The Legal Genealogist owes readers an apology.

Between the June week of the Genealogical Research Institute of Pittsburgh (GRIP) and a hard-to-diagnose technical issue with the website, the blog has been really quiet this week.

And it may not get a whole lot better for a while as the July GRIP is coming up fast, and the Midwest African American Genealogy Institute the same week, and then the Institute of Genealogy and Historical Research, and…

You get the picture.

But I did take a break for a short time and play a little with my own genealogical DNA results yesterday, just to see how the numbers stack up with even the limited support we can get from Ancestry’s ThruLines.

We all have 64 fourth great grandparents and 128 fifth great grandparents. If cousins married cousins, those numbers can change a bit in what’s called pedigree collapse.1 But I don’t have any known pedigree collapse that close (I have a set of fifth great grandparents who are also my sixth great grandparents so I start to lose unique individuals from my tree at that level), and that makes the fifth great grandparents a good level to look at.

So… remember how ThruLines works. It takes our trees and the trees of our known DNA matches and suggests the likely common ancestors. If the trees are wrong, the suggested common ancestors will be wrong. And even if the trees are right, ThruLines won’t account for DNA that may come down from another as-yet-unknown common ancestor who isn’t in one or both of the trees.2

All that being said, it still highlights the one reality of my ancestry: I have some lines that have a lot of genealogists (or at least a lot of DNA testers), some lines with darned few, and — sigh — the Germans still aren’t testing in high enough numbers to help out at all. Oh, and an awful lot of people who — like me — have no clue who the MRCA is in a particular line.

ThruLines screen capture

The lines with an abundance of testers? All from the U.S. southern states:

• In my Baker-Davenport line (Virginia to North Carolina), more than 100 matches even excluding those who are my close kin (sister, cousins, aunt and uncle).

• In my Wiseman-Davenport line (Virginia to North Carolina), more than 130 excluding close kin.

• In my Buchanan-Boswell line (Maryland to Virginia to North Carolina), more than 180 excluding close kin.

• And in my Jones-Pettypool line (yeah, you got it: Virginia to North Carolina), we’re pushing close to 300 matches.

And yes — sigh — the Bakers married the Davenports married the Buchanans married the Joneses, all in western North Carolina.

The lines with the fewest testers? The Germans, by a long shot. I have at least some documentation for 28 German fifth great grandparents. For 17 of them, I have exactly one match: my sister. For one more, my matches are my sister and my niece (who should match me on the others but hasn’t added them to her tree).
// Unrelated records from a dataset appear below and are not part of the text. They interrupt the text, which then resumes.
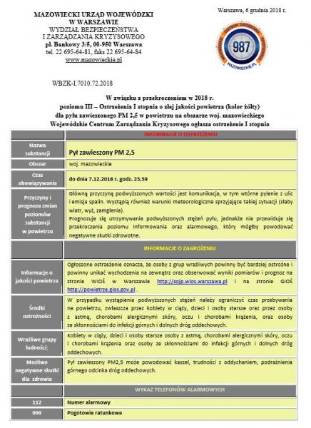 W związku z przekroczeniem w 2018 r. poziomu III – Ostrzeżenia I stopnia o złej jakości powietrza (kolor żółty) dla pyłu zawieszonego PM 2,5 w powietrzu na obszarze woj. mazowieckiego Wojewódzkie Centrum Zarządzania Kryzysowego ogłasza ostrzeżenie I stopnia.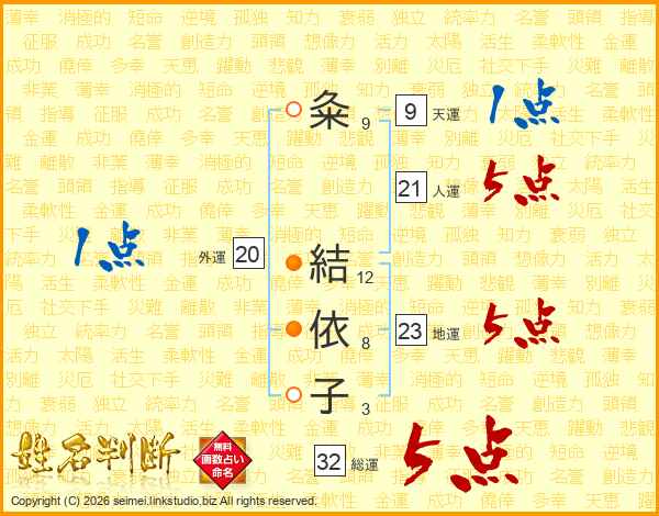 粂(9画) 結(12画)依(8画)子(3画)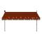 Auvent manuel rétractable avec LED 350 cm Orange et marronCet auvent rétractable sera idéal devant la fenêtre, sur la terrasse, le balcon ou dans votre jardin. Cet auvent hydrofuge et anti-salissure et résistant aux UV et aux intempéries est fabriqué en polyester de qualité avec un revêtement PU. Le cadre en acier fort rend l'auvent robuste et durable. L'auvent en polyester facile à nettoyer peut être retiré et lavé. Grâce à la manivelle de la poignée, ce store est rétractable. La hauteur et l'angle du store peuvent également être ajustés. De plus, les lampes LED alimentées par l'énergie solaire permettent d'éclairer la nuit. L'auvent est facile à assembler. Cet auvent est le choix idéal pour votre espace de vie extérieur et peut être actionné manuellement.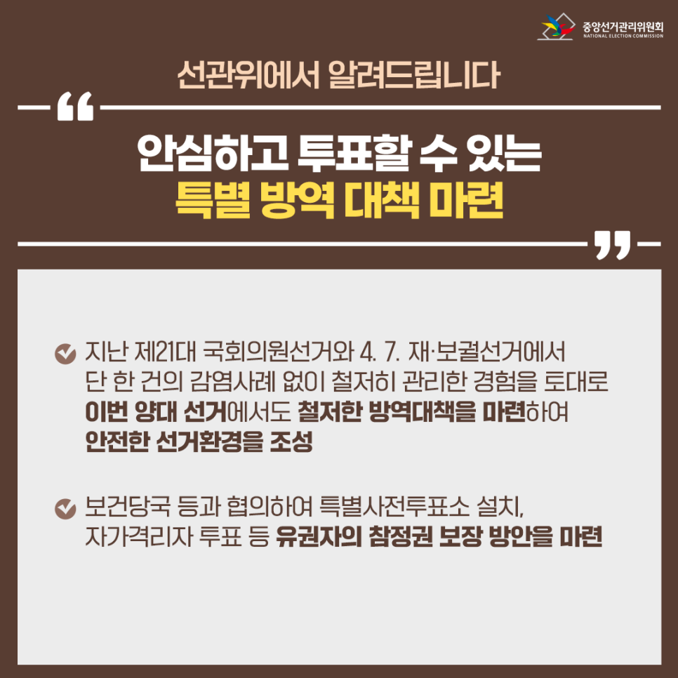 지난 제21대 국회의원선거와 4. 7. 재·보궐선거에서 단 한 건의 감염사례 없이 철저히 관리한 경험을 토대로 이번 양대 선거에서도 철저한 방역대책을 마련하여 안전한 선거환경을 조성하겠습니다.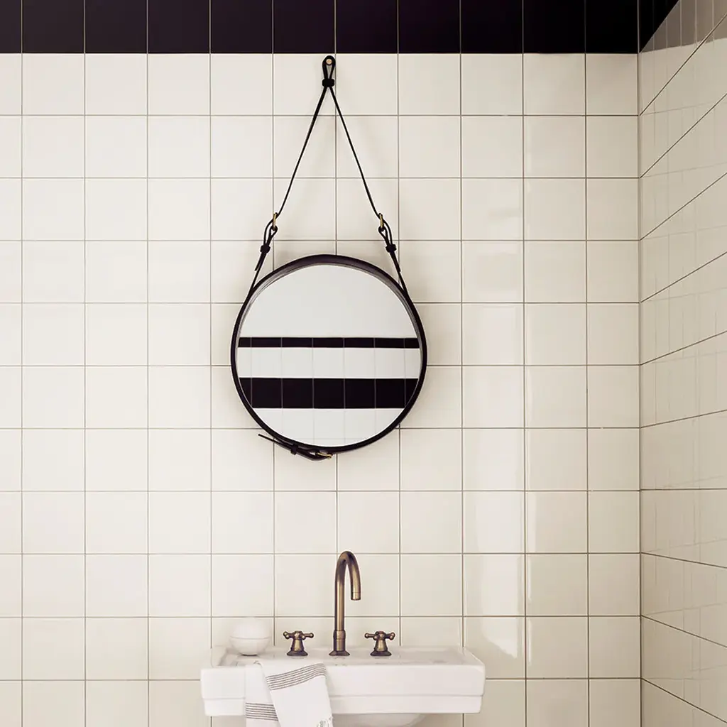 In 1950, Jacques Adnet formed a partnership with a famous French fashion house, where he developed a collection of discreet yet voluptuous leather-covered furniture and interior accessories. Known for being an innovative thinker, Adnet was one of the first designers to combine leather with glass. Accordingly, he designed the elegant, distinctive round leather mirror with equestrian inspired detailing - the Adnet Circulaire Mirror. Besides the remarkable leather and burnished brass details, the mirror in three sizes is also unique as the strap holding the mirror is in direct proportion to the dimension of it. The timeless Adnet Circulaire Mirror adds a sculptural value to any hallway, bathroom or living room and the three sizes can advantageously be combined to create an outstanding expression. Available in with buckles in burnished brass.

For another eight, I have two matches: my sister and a fourth cousin, whose second great grandparents emigrated to the United States in the 1850s. We have, of course, no matches in common since you don’t get shared matches on Ancestry if you don’t share at least 20cM of DNA in common, and I only share one 8cM segment with this fourth cousin.
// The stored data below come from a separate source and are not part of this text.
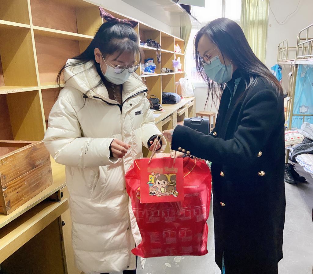 留校生们就收到了来自学院的花式慰问,学院党委副书记胡佳与辅导员林晓莉一起来到寝室走访看望留校的12名同学,并为他们送上了口罩、消毒洗手液、零食大礼包等慰问品。“这个春节,虽然不能回乡与家人团聚,但是在学校的我们就是温暖的一家人。”
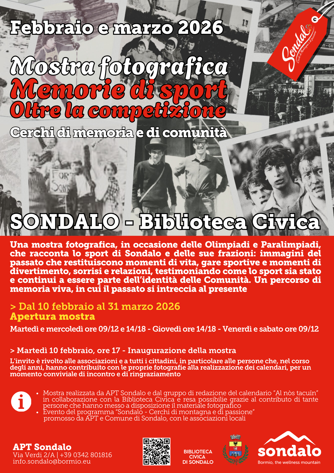 L’esposizione racconta la storia sportiva di Sondalo e delle sue frazioni attraverso immagini del passato che restituiscono momenti di vita quotidiana, gare sportive, attimi di svago e divertimento. Fotografie che parlano di sorrisi, relazioni e partecipazione, testimoniando come lo sport sia stato, e continui a essere, un forte elemento sociale e aggregativo per le comunità locali. Il percorso espositivo si configura come una memoria viva, in cui il passato dialoga con il presente, valorizzando non solo la dimensione agonistica, ma soprattutto quella umana e collettiva dello sport.
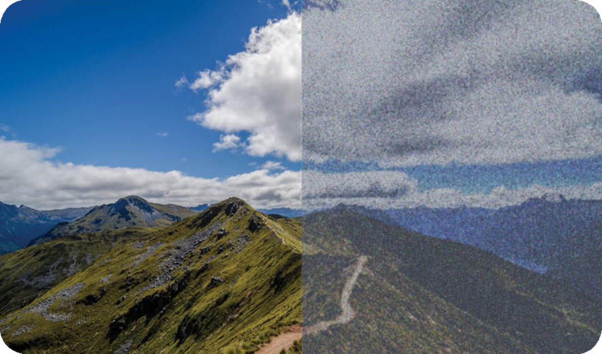 مقایسه دید افراد عادی (سمت چپ) و افراد مبتلا به سندرم برف بصری (سمت راست).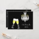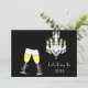 Elegante invitación de fiesta de Año Nuevo hecha en negro azabache, con hermosos gráficos de una silueta de araña blanca, con velas brillantes. Dos vasos decorativos de champán en el lado izquierdo de la invitación y el texto blanco personalizado dice Let's Ring In 2015. El reverso de la invitación también se realiza en negro, con la misma versión más pequeña de la lámpara de araña, en la esquina superior derecha. El texto blanco es totalmente personalizable para satisfacer las necesidades de su fiesta. Hermosa manera de sonar en el nuevo año.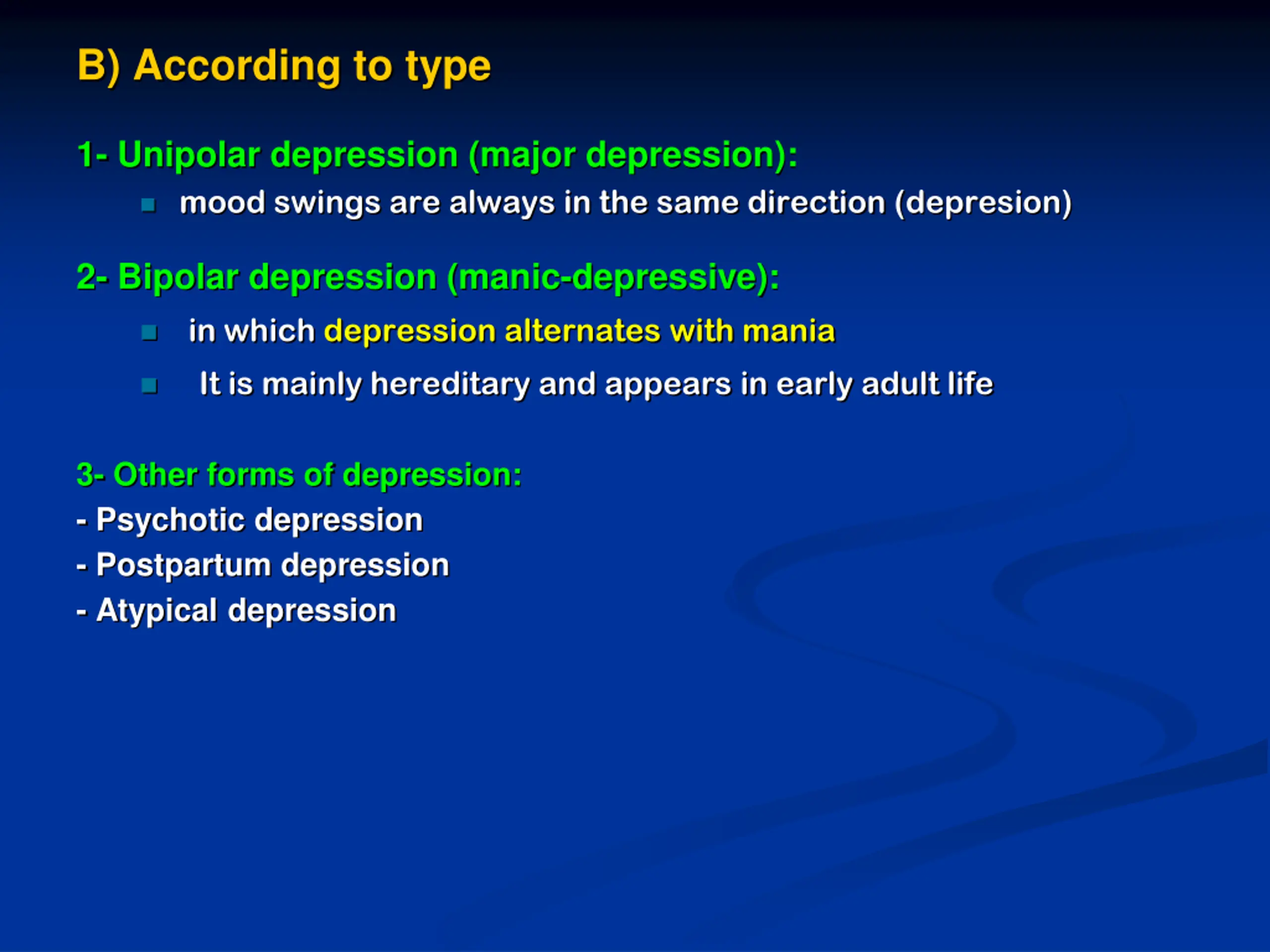 B) According to type 1- Unipolar depression (major depression): mood swings are always in the same direction (depresion) 2- Bipolar depression (manic-depressive): in which depression alternates with mania It is mainly hereditary and appears in early adult life 3- Other forms of depression: - Psychotic depression - Postpartum depression - Atypical depression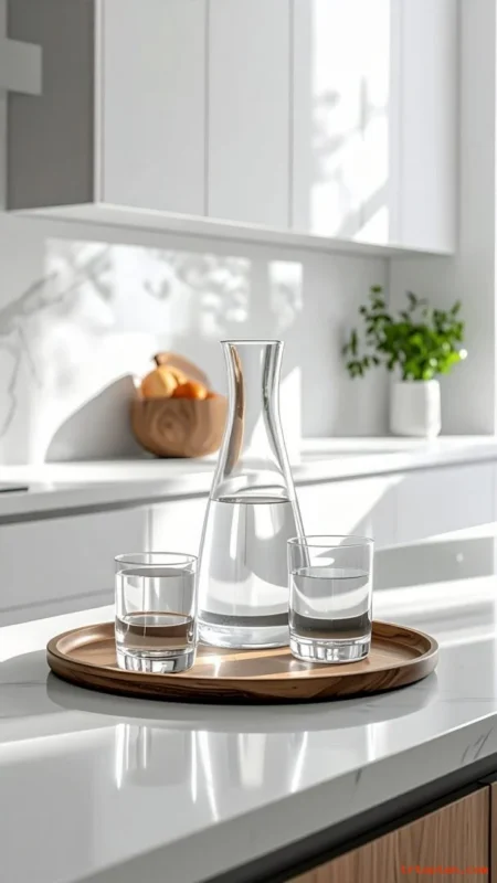 A carafe setup looks elegant and encourages hydration. It also fills awkward counter space in a useful way.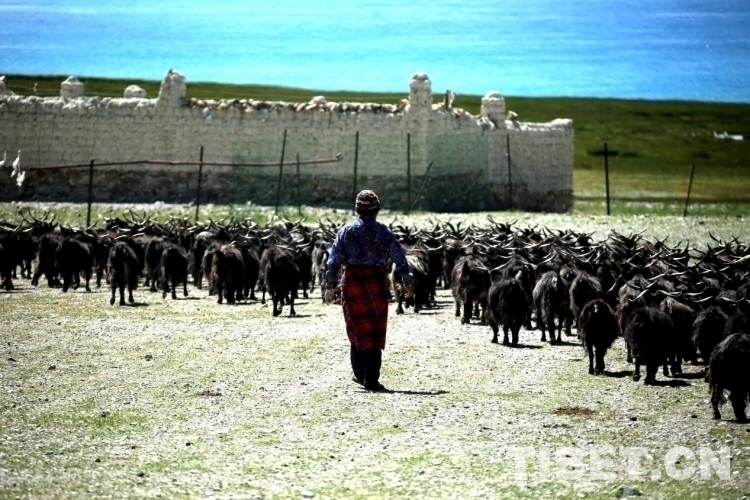 資料圖:阿里地區(qū)措勤縣牧民驅趕著紫絨山羊群前往扎日南木錯湖邊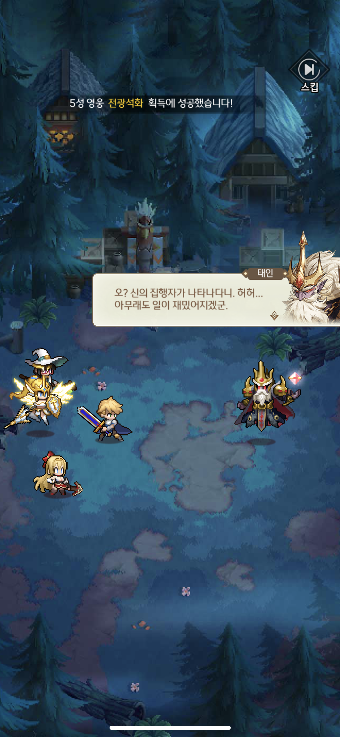 게다가 도트 그래픽치곤 이펙트도 괜찮았습니다. 6명의 영웅으로 속성별로 덱을 짜는 것도 괜찮았는데..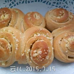 4. Put all warm water, oil, sugar, salt, 2 tablespoons of whole egg liquid and high-gluten flour Put it into the bread machine bucket, dig a small hole with your fingers, put the active yeast into the small hole, turn on the power and release program and dough block and start kneading the dough for half an hour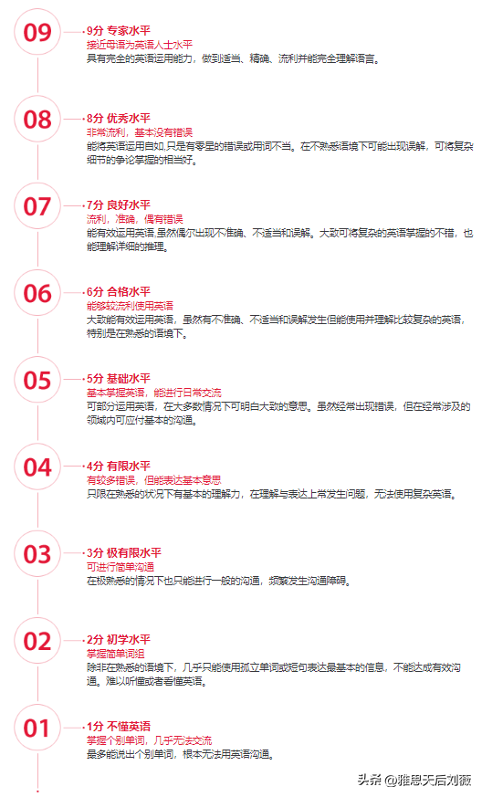 由于這種和國內考試不太一樣的計分方式,導致很多剛接觸的雅思小白對于各個分數的英語水平不是很了解:會誤以為9分聽著也沒有多高很好考吧?怎么那么多人連7分都考不到?大部分人的英語水平差不多是雅思幾分?

And for the remaining two German fifth great grandparents, I have three matches besides my sister: a possible fourth cousin once removed whose almost entirely undocumented tree shows a shared ancestor married to two different men with the same surname both born in the same year, and a possible fifth cousin once removed and a possible sixth cousin — whose trees show a second German surname that could just as easily explain the match in Germany. Oh, and yeah… and who have a Baker ancestor in colonial Virginia.

Sigh

Of course that’s still better than the ThruLines showing that Matthew Johnson, my third great grandfather in another out-of-Virginia line, could be the son of at least two different guys. Like John Joseph Daniel Johnson based on (for example) a tree where (a) the sole source is (yep!) other undocumented Ancestry Family Trees and (b) the Matthew Johnson shown and all his siblings were born in North or South Carolina rather than Virginia and (c) that Matthew died in 1887 in Georgia — whereas mine died about 1863 in Kentucky.

But hey… it’s a hint, right?

Now… despite my frustrations, let me make it clear: these can be valuable hints. They can still do a lot to help put families back together. I noted today, for the first time, a tester who descends from a second great granduncle who died in Iowa in the 1850s where we share a whopping big 42cM segment.

So even when — in moments of frustration — I think I may be through with ThruLines, in fact I know I never will be. Not when they can put me in touch with cousins like that.

How are your ThruLines helping… or not?


Cite/link to this post: Judy G. Russell, “Not through with ThruLines,” The Legal Genealogist (https://www.legalgenealogist.com/blog : posted 26 June 2022).

SOURCES

  1. See e.g. DiAnn Iamarino, “3 Ways to Find Double Ancestors in Your Family Tree,” Family Tree Advice, posted 16 Aug 2019 (https://family-tree-advice.blogspot.com/ : accessed 26 June 2022).
  2. See “AncestryDNA® ThruLines®,” AncestrySupport, Ancestry.com (https://support.ancestry.com/ : accessed 26 June 2022).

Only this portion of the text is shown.